◆ **The problem**
Quote the lines below from the one containing "Pengaruh Pupuk Kandang" to the final line, both ends included; exclude the pictures.

◆ **Data extract**
════════
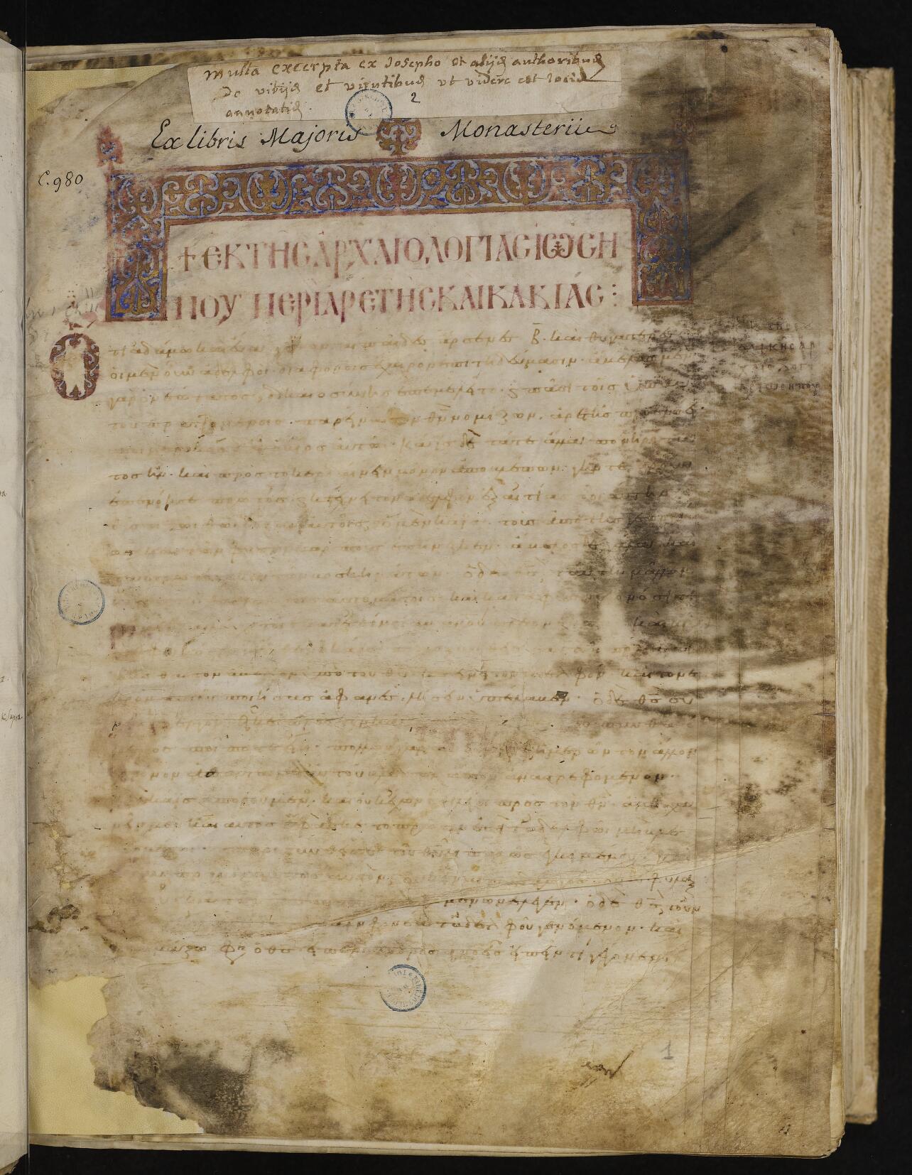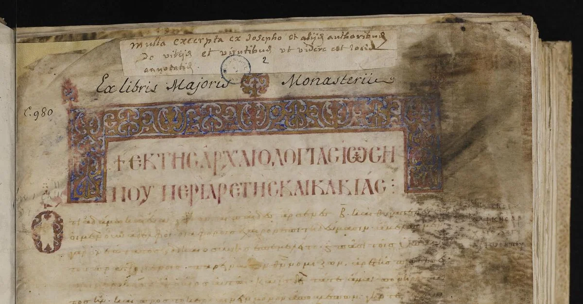 This is the first folio of the manuscripts of the Excerpta de Virtutibus et Vitiis, stored in Tours, France. It is part of the Constantinian Excerpts, a Byzantine encyclopedia compiled in the 10th century. The capital letter shows the title and which historian it was citing, and the minuscule letter was used for the main texts, with each paragraph seperated by the enlarged Omicron. The capital letter and the minuscule letter were used to create a visual hierachy, suggesting the purpose of this deluxe manuscript was not just for reading but also for creating an impressive book aesthetic. (Tours Municipal Library)
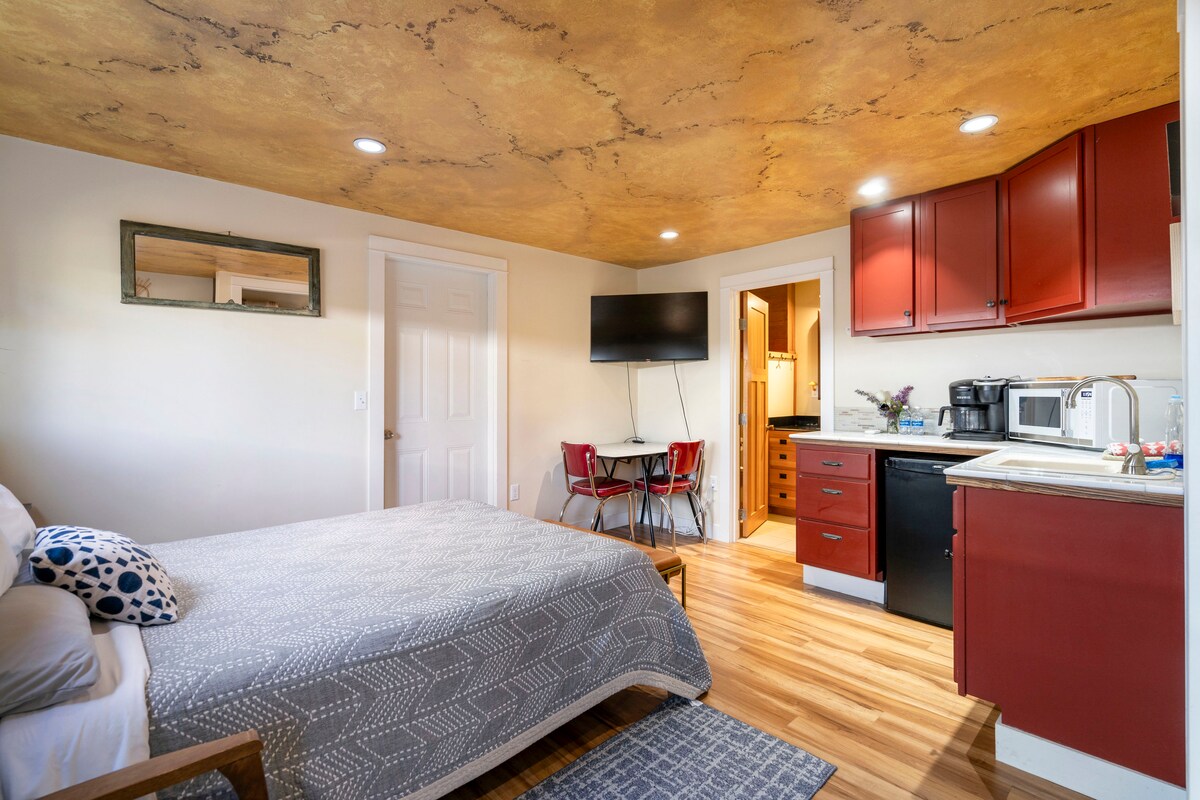 The Lucky 13 Studio is a newly renovated, modern space that is conveniently located near the heart of the city of Eugene! This 230 square foot studio/tiny home comfortably sleeps 1 or 2 guests and is close to restaurants, shops, parks and the University of Oregon. It is within walking distance to several wonderful eateries including; Laughing Planet, Falling Sky Delicatessen, Sweet Life and Tacovore . You'll find our studio to be comfortable and cozy with all the amenities you'll need!
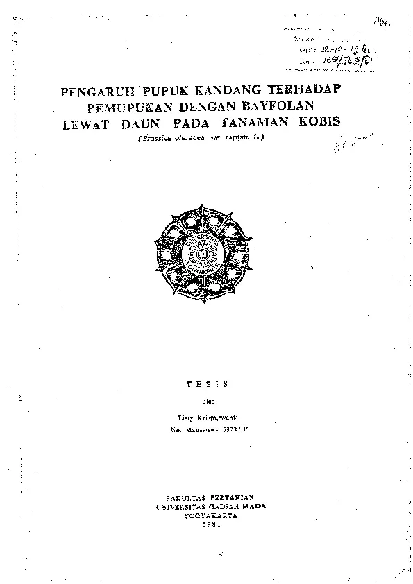 Pengaruh Pupuk Kandang Terhadap Pemupukan Dengan Bayfolan Lewat Daun Pada Tanaman Kobis (Brassica Oleracea Var, Capitata L) Listy Krispurwanti Fakultas Pertanian UGM Konten Lokal Konten Lokal 31063
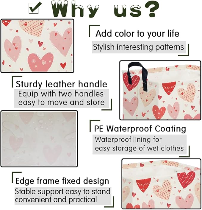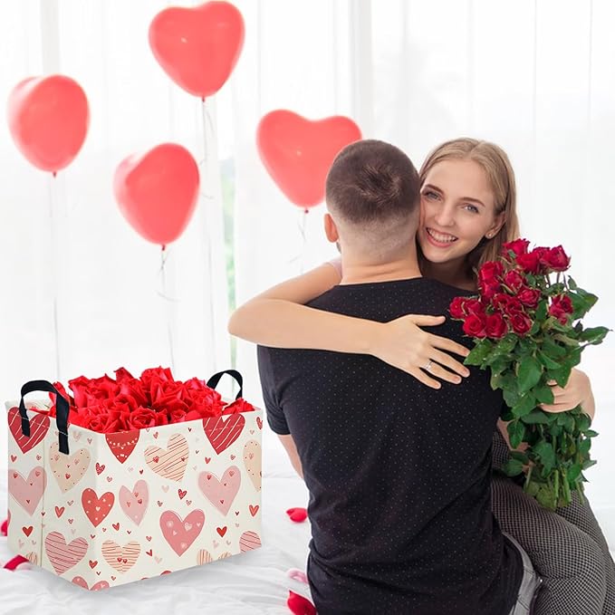 Rectangular Pink Valentine's Day Gift Basket,nursery basket,Pink girls gift baskets,kids toy storage Bin, Love Heart Room Decor for Home,Shelf Baskets(Shaped lines Heart)
════════
◆ **Solution for this task**
 Pengaruh Pupuk Kandang Terhadap Pemupukan Dengan Bayfolan Lewat Daun Pada Tanaman Kobis (Brassica Oleracea Var, Capitata L) Listy Krispurwanti Fakultas Pertanian UGM Konten Lokal Konten Lokal 31063
 Rectangular Pink Valentine's Day Gift Basket,nursery basket,Pink girls gift baskets,kids toy storage Bin, Love Heart Room Decor for Home,Shelf Baskets(Shaped lines Heart)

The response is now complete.